Employees now have basic statutory entitlements in relation to pay, working hours, holidays, maternity leave and other working conditions. However, depending on the industry or sector, an employer may have to recognise further employee rights contained within binding, collective, industry-specific agreements known as Registered Employment Agreements and Employment Regulations Orders. The constitutionality of such agreements has recently been challenged.

REAs and EROs

Registered Employment Agreements (“REAs”) are agreements, relating to remuneration or conditions of employment, which are registered with the Labour Court. The parties to the agreement must be substantially representative of workers and employers within the sector and those who may be affected by the agreement, if registered, must be given an opportunity to object to the registration. Such registration renders the agreement legally binding, not only on the parties to it, but also on those who are in the class, type or group to which the agreement relates.
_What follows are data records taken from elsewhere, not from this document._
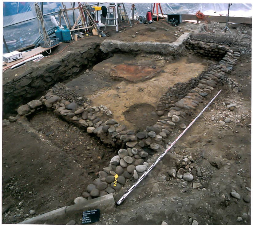
Abb. 4: Langenthal, «Wuhr 2». Feuerstelle in der Küche des Hauses unter dem Schlachthof. Mauerzüge unterschiedlicher Bauphasen. Blick nach Nordwesten.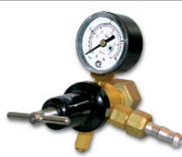
У-30-КР1-м / углекислый газ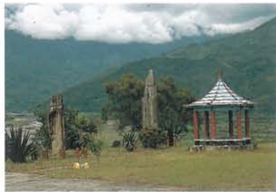
舞鶴的立石——史前遺址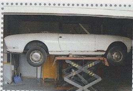
Op de brug en zonder strips liet de 504 zien dat de tijd niet ongemerkt aan hem voorbij was gegaan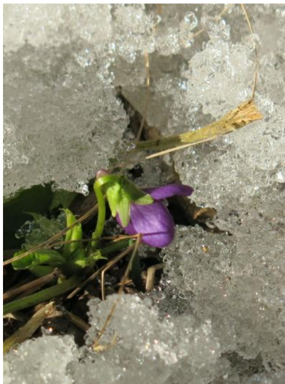
Auch diese Bild kann eine Bildunterschrift haben.

Auch können Bilder im Fließtext eingebunden werden: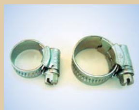
1/2" spændebånd Varenr.:..... 096036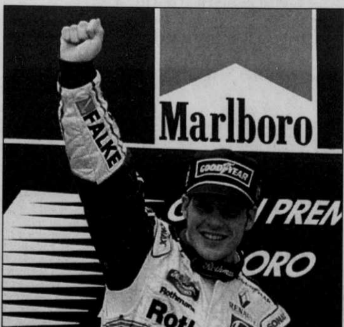
Jacques Villeneuve, qui conduisait alors une Williams-Renault, n'a pas connu depuis la joie de la victoire.

«J'ai toujours pensé que Jacques ne devait pas quitter ce sport et ce serait fantastique qu'il fasse un retour. Il a toujours été très excitant à regarder et si une écurie lui fournissait une voiture compétitive, il pourrait montrer qu'il n'a rien perdu de son adresse.»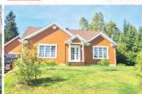
NOUVEAUTÉ VILLAGE ST-DONAT 255 000$ MLS 20647574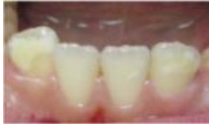
Gráfico 1. Grado 1 de HIM

Grado 1: las opacidades se limitan en zonas donde no concurre fuerza de oclusión. (Afaró, Castejón, & Magán, 2018)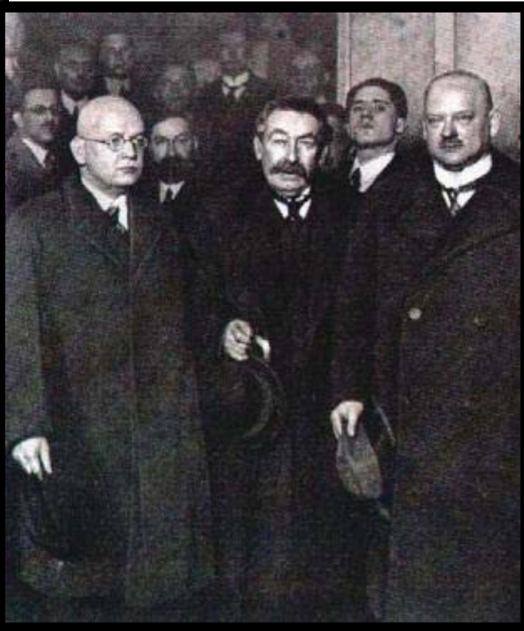
Аристид Бриан. (в центре).

Появилось огромное количество теорий о том как преодолеть кризис. Социалисты предлагали ликвидировать капитализм, националисты-установить господство над другими народами.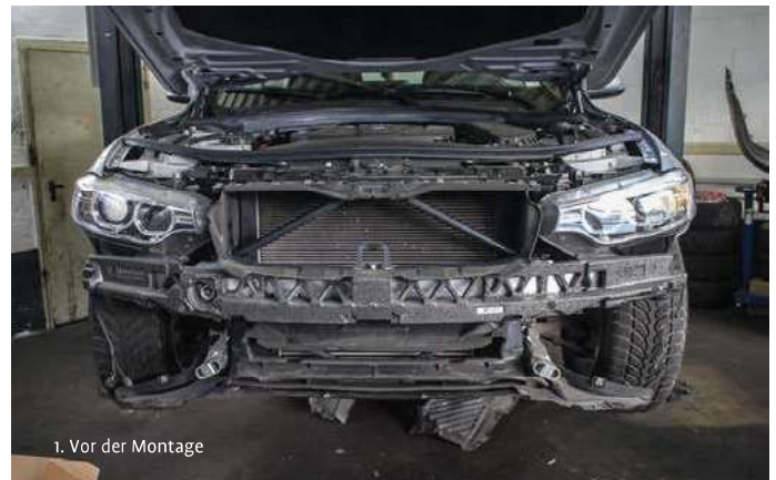
1. Vor der Montage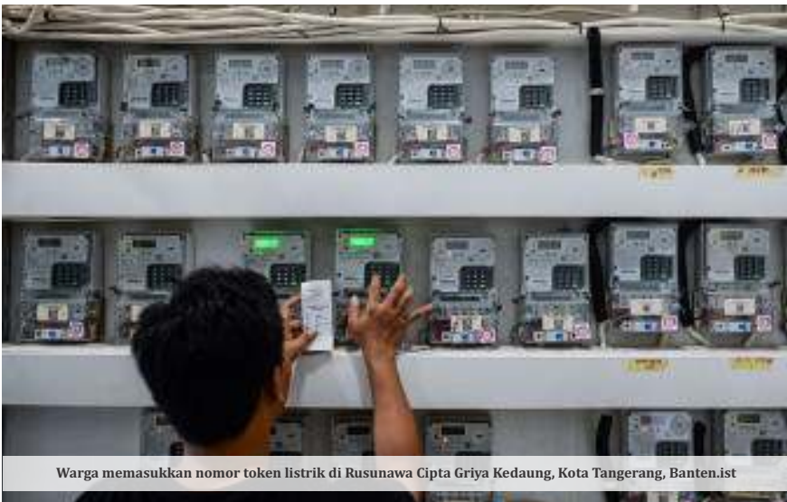
Warga memasukkan nomor token listrik di Rusunawa Cipta Griya Kedaung, Kota Tangerang, Banten.ist

Breach of its provisions is a criminal offence.

Employment Regulation Orders (“EROs”) are similar in effect to REAs but they are created in a slightly different way. A Joint Labour Committee (“JLC”) is established by the Labour Court and is composed of members representative of employers and employees engaged in a particular activity or part of a specific industry. The JLC submits proposals to the Labour Court on minimum rates of pay and terms and conditions which, if approved, become an ERO. An example of a JLC is that governing retail grocery and allied trades, which applies to all grocery outlets, newsagents, multiples, supermarkets and convenience stores.
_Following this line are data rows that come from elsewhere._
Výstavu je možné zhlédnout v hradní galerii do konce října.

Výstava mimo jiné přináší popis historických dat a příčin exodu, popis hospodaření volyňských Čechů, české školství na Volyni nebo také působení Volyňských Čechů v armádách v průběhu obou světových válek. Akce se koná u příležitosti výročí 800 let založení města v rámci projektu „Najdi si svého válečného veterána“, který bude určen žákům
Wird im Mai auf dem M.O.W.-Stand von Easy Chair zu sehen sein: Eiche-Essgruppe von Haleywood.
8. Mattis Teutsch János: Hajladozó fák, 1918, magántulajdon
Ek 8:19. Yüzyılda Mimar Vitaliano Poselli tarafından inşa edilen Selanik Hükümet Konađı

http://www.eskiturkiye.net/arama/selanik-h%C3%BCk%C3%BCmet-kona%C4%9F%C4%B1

Challenges to EROs and REAs

In July of this year, the High Court dismissed a challenge by a group of electrical contractors to an REA. The group argued before the High Court that the agreement was invalid and unconstitutional and sought judicial review of a decision by the Labour Court to uphold the REA. They objected to the REA on the basis that it was made by parties who were not representative of the industry taken as a whole and that they themselves were not parties to the REA.
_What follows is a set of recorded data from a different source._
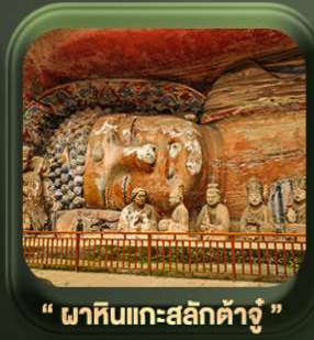
“ พาทินแกะสลักต้าจู้ ”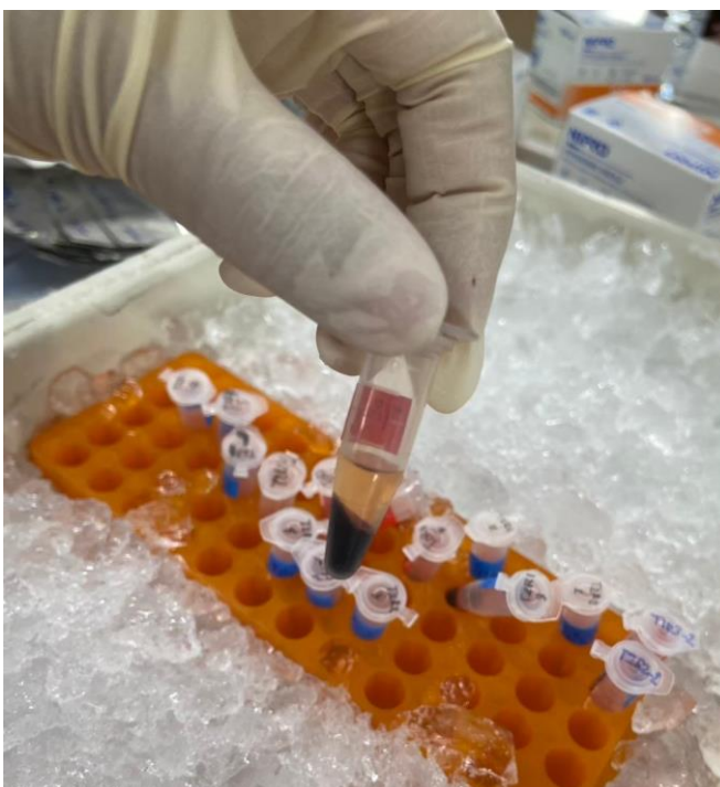
Figure 7 Serum from fish.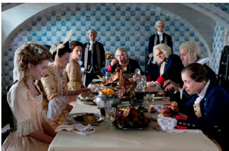
Friedrich - Ein deutscher König (Oranienbaum)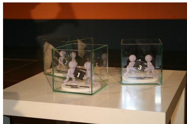
Slika 10: Pokali za najboljše na natečaju Podjetniki, mi smo face!

Če se Slovenskega foruma inovacij niste uspeli udeležiti, vas vabimo, da si ogledate virtualni katalog inovacij . Več fotografij pa si oglejte na spletnem portalu www.3Dt.si .

It was further argued that the ERA requires pay levels and conditions of work far above those that small contractors like themselves can afford to pay and it makes it impossible for them to successfully tender for work because their costs are too high, especially in the current economic difficulties.

The challenge to the ERA was refused by Mr. Justice Hedigan on number of grounds, including:

  • The delay in bringing judicial review proceedings since the registration of the ERA on 24 September 1990, was not justified.
  • The decision of the Labour Court to refuse to cancel the REA was neither at variance with reason and common sense, nor was it based on an identifiable error of law.
  • The constitutional issues in the case were not considered by the High Court for a number of reasons such as the delay in bringing proceedings and that the Court found it undesirable that the constitutional challenge should proceed alongside judicial review proceedings.

With regard to EROs, the Quick Food Service Alliance (QFSA) has issued proceedings to challenge the constitutionality of an ERO. The QFSA claims that the Oireachtas is the only body capable of making laws under Article 15.2.1 of the Constitution, and that therefore JLCs do not have the requisite authority to set minimum wage levels and employment conditions for specific industries.

The QFSA case has yet to be heard, however, the Industrial Relations (Amendment) Bill 2009 seeks to remedy the constitutional loophole raised by QFSA. The Bill requires new REAs, new EROs and variations and cancellations of either, approved by the Labour Court, to be then approved by the Minister for Enterprise, Trade and Employment by way of Ministerial Order. Following this, the proposed agreement or order, or amendment to such, must be laid before both Houses of the Oireachtas, giving both Houses the power to annul the agreement or order within a 21 day timeframe.

Conclusion

The decision of Mr. Justice Hedigan has left the door open for others to mount a constitutional challenge, therefore employers and employees affected by current REAs and EROs should monitor closely the result of the QFSA case and any similar new proceedings.